Nov. 1 (Bloomberg) -- Kenya’s shilling appreciated for a second day against the dollar on speculation the central bank will raise its benchmark rate today to curb inflation.
The currency of East Africa’s biggest economy advanced as much as 0.3 percent to 98.95 per dollar and traded less than 0.1 percent up at 99.18 by 10:45 a.m. in Nairobi from yesterday’s close of 99.20.
The Central Bank of Kenya is expected to increase the benchmark rate to a record 12.5 percent, according to the median estimate of six economists surveyed by Bloomberg.
“The shilling has strengthened as the markets are expecting a rate hike as part of the ongoing monetary tightening policy by the central bank,” Chris Muiga, a dealer at Nairobi-based Kenya Commercial Bank Ltd., said by phone.
Kenya’s shilling plunged 19 percent against the dollar this year and is the world’s worst-performing currency, according to data compiled by Bloomberg. Inflation accelerated to 18.9 percent in October from 17.3 percent in September, the Kenya National Bureau of Statistics said on Oct. 28. The central bank reduced commercial lenders’ foreign-exchange exposure limits to 10 percent from 20 percent to stem shilling volatility.

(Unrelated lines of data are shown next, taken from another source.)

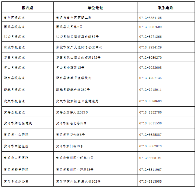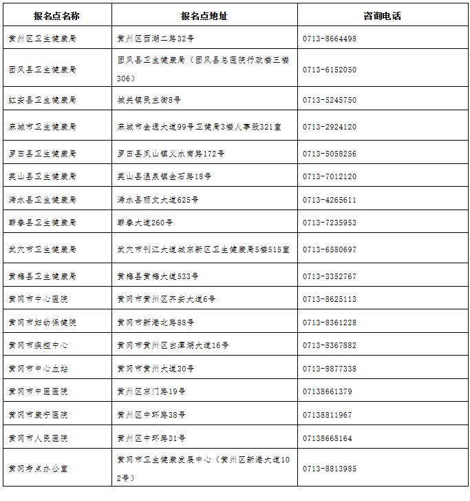 附件2:黃岡考點2026年執(zhí)業(yè)醫(yī)師資格考試各報名點咨詢電話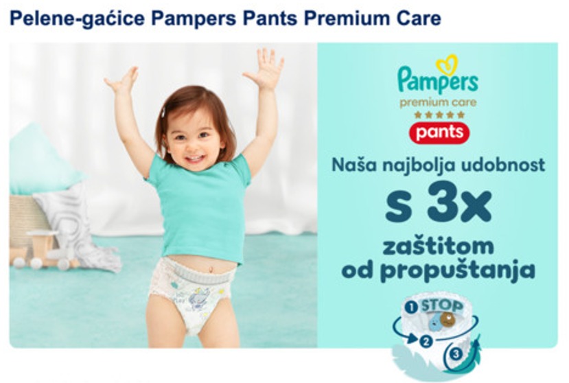 PAMPERS Premium Care Pants, pelene - gaćice, veličina 4, 9-15kg, 38 kom Mekane poput paperja i prozračne za maksimalnu udobnost Lako oblačenje i...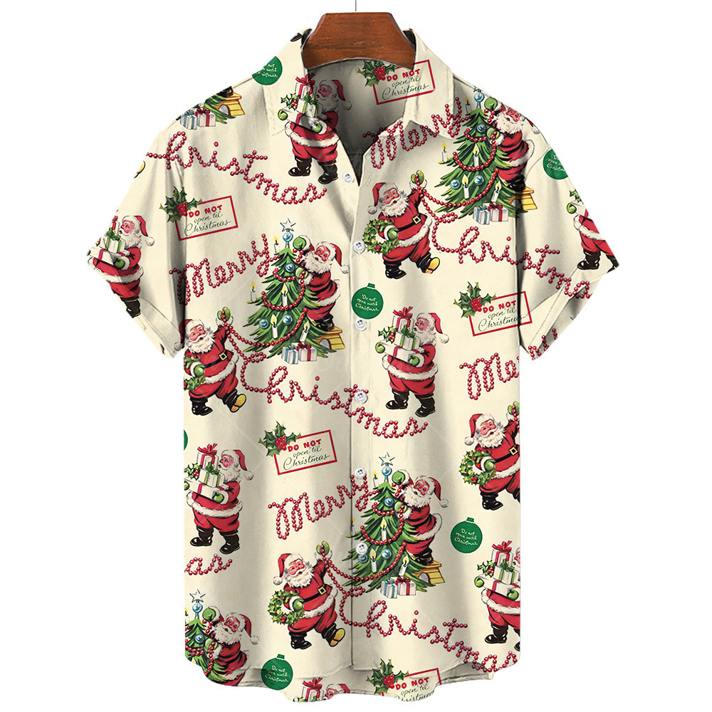 Casual Summer Men's Shirts Camisas De Verão Confortáveis Sino De Natal Macio Camisa Havaiana Impressa Na Neve Solta Tops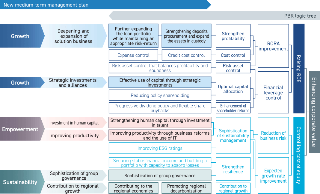 On the other hand, if no appropriate investment opportunities are found, or if the target capital level is exceeded, we aim to achieve a common equity Tier 1 ratio of about 11% by enhancing shareholder returns such as share buybacks. We will promote strategic investment that contributes to raising ROE while keeping in mind the balance between capital utilization and shareholder returns.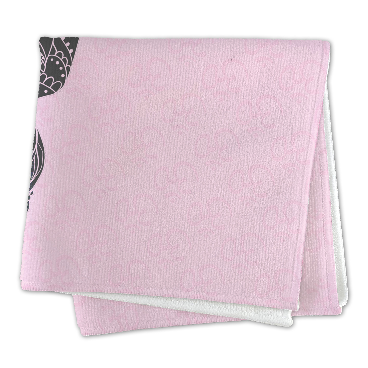 This design is customizable. We chose to use the om background with two shades of pink. We have other yoga backgrounds that you can choose from. We chose the large graphic and text style, where the graphic is of a beautiful woman sitting in lotus pose with prayer hands in pink and dark grey. We have many different yoga graphics that you can choose from including the tree pose and meditation pose. We chose to use the word Namaste in the Sanskrit font. You can choose the personalization, the font and the colors.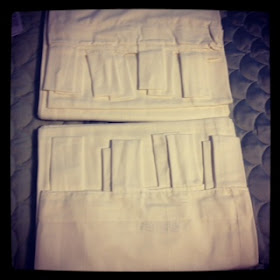 That day my luck must have been with me! I came across the perfect set, yes set...as in two per package, of stark white curtains. Eeeekkk (That was me shrieking...literally. I was like a kid in a candy store. I know, I'm lame, but once you buy a house, you will understand. Homeowners, can ya back me up on that?!)!! To add to my joy, each curtain panel was 54 inches wide and 118 inches long! The perfect length. But wait...that's not all (in the voice of a salesman...)...the set was, ready for this, $29.99! Twenty-nine-ninety-nine. Yes, you read that correctly. That is half the price of what I paid for just my curtain rod in the living room. To say the least, I was thrilled.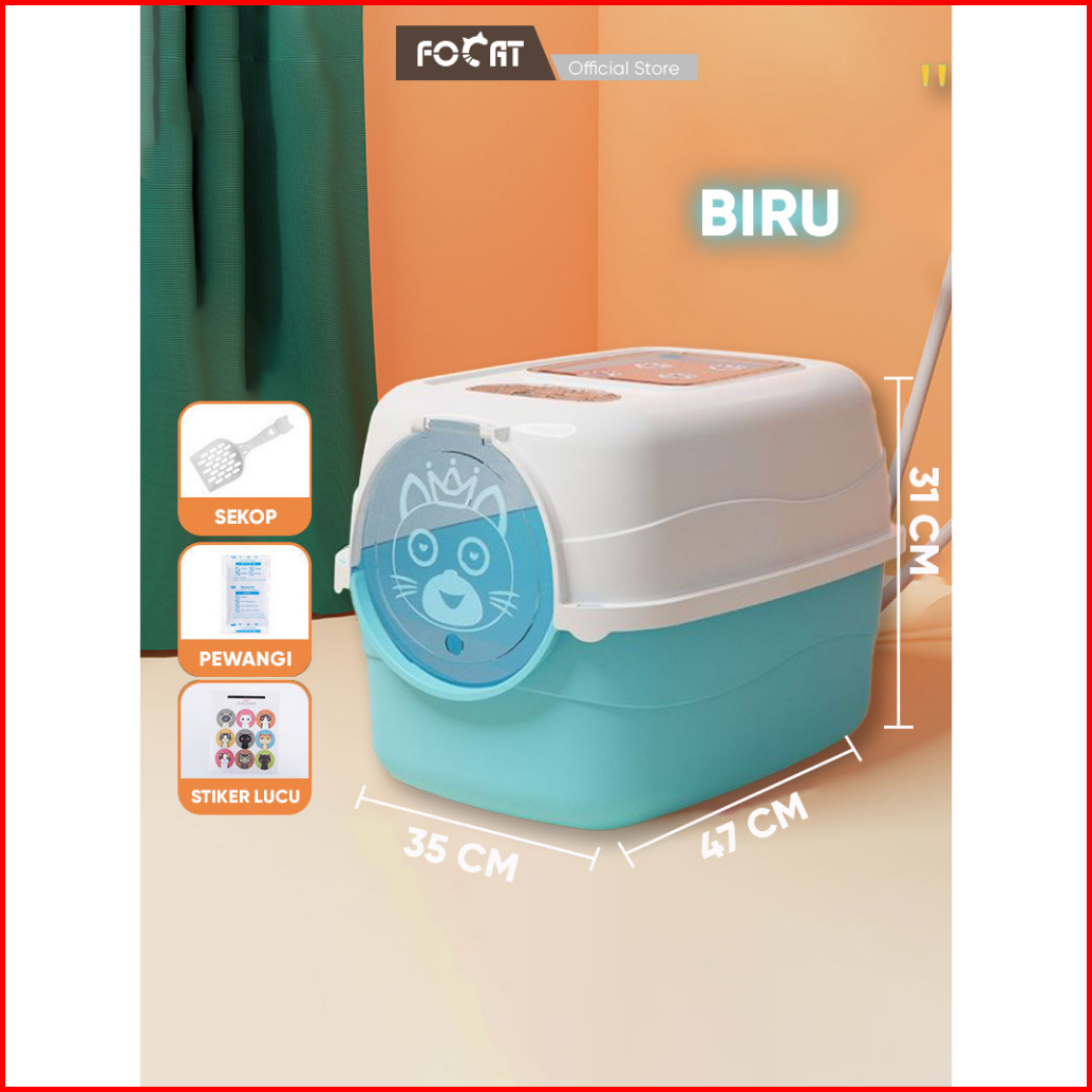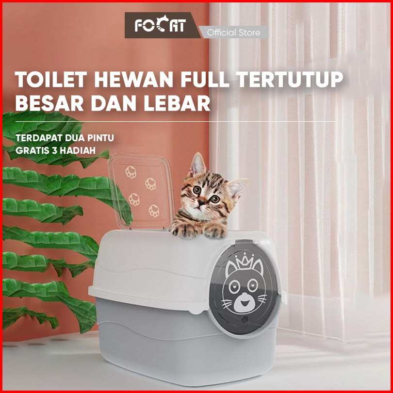Focat Pet Litter Box Kucing Tertutup M62 Bak Toilet Pasir Kucing Besar Free Sekop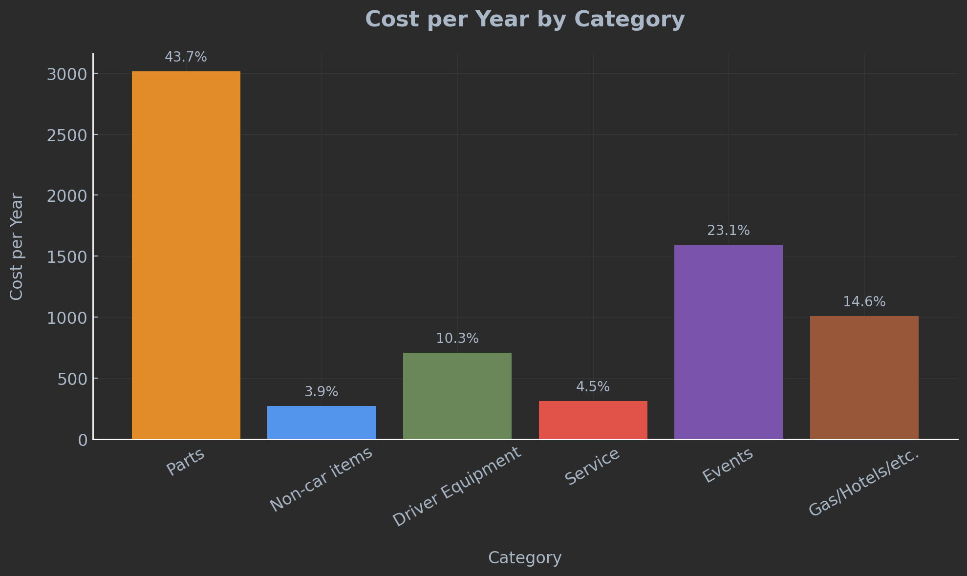 The next highest category at only 12% is gas, food, and hotels. It's worth mentioning again: the running cost of the car is only part of the expense of the track! If you drive way out to somewhere with a race track, you will want a comfortable enough bed, you will want to eat decent food, and so on. I went to the track by myself 99% of the time, so if you have a partner or family to bring with you, this cost will be much higher.

Surging inflation poses a threat to economic growth and must be “resolutely” addressed, Domenico Fanizza, head of the International Monetary Fund team that visited Nairobi from Oct. 13, said at a briefing yesterday.
“Monetary policy will be tightened to bring down the rate of expansion of credit to the private sector to levels that can be sustained and reduce demand for foreign exchange,” Fanizza said.